Coin tosses, random walks, and spins in a magnetic field can all be described the same way. The number of heads, steps to the right, or spins aligned with the magnetic field is described by the binomial distribution. If the number of tosses, steps, or spins becomes large so the number can be considered to be continuous, the binomial distribution becomes the Gaussian distribution, which describes the fluctuations from mean values of macroscopic quantities in thermal equilibrium.

Program Binomial allows you to explore the properties of the binomial distribution.

Problem: The binomial distribution
  1. Calculate the probability $P_N(n)$ for $p=q=1/2$ that $n$ spins are up out of a total of $N$ for $N=4$ and $N=16$. Determine the mean values of $n$ and $n^2$ using your values of $P_N(n)$. Although it is better to first do the calculation of $P_N(n)$ by hand for small $N$, you can use Program Binomial to do the calculation.

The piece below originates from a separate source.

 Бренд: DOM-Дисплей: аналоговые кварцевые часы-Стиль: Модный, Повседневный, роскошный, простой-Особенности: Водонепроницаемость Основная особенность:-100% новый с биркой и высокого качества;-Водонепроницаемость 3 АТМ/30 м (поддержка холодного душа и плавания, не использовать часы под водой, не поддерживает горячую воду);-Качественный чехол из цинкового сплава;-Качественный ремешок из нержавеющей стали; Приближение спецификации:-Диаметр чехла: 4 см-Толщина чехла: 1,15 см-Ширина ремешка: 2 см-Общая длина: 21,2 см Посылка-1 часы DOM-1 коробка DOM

  2. Use Program Binomial to plot $P_N(n)$ versus $n$ for larger values of $N$ and $p=q=1/2$. Determine the value of $n$ corresponding to the maximum of the probability and visually estimate the width for each value of $N$. What is your measure of the width?
  3. One measure of the width is to use the two values of $n$ at which $P_N(n)$ is equal to half of its value at its maximum. What is the qualitative dependence of the width on $N$? Compare the relative heights of the maximum of $P_N$ for increasing values of $N$.

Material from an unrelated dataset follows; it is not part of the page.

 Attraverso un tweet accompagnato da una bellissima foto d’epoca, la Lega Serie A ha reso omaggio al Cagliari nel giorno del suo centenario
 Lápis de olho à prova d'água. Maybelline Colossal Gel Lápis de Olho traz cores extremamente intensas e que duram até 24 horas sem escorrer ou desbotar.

  4. Program Binomial also plots $P_N(n)$ versus $n/\overline{n}$. Does the width of $P_N(n)$ appear to become larger or smaller as $N$ is increased?
  5. Plot $\ln P_N(n)$ versus $n$ for $N=16$. Describe the qualitative dependence of $\ln P_N(n)$ on $n$. Can $\ln P_N(n)$ be fitted to a parabola of the form $A + B(n-\overline{n})^2$, where $A$ and $B$ are fit parameters?


Problem 3.37 in Statistical and Thermal Physics: With Computer Applications, 2nd ed., Harvey Gould and Jan Tobochnik, Princeton University Press (2021).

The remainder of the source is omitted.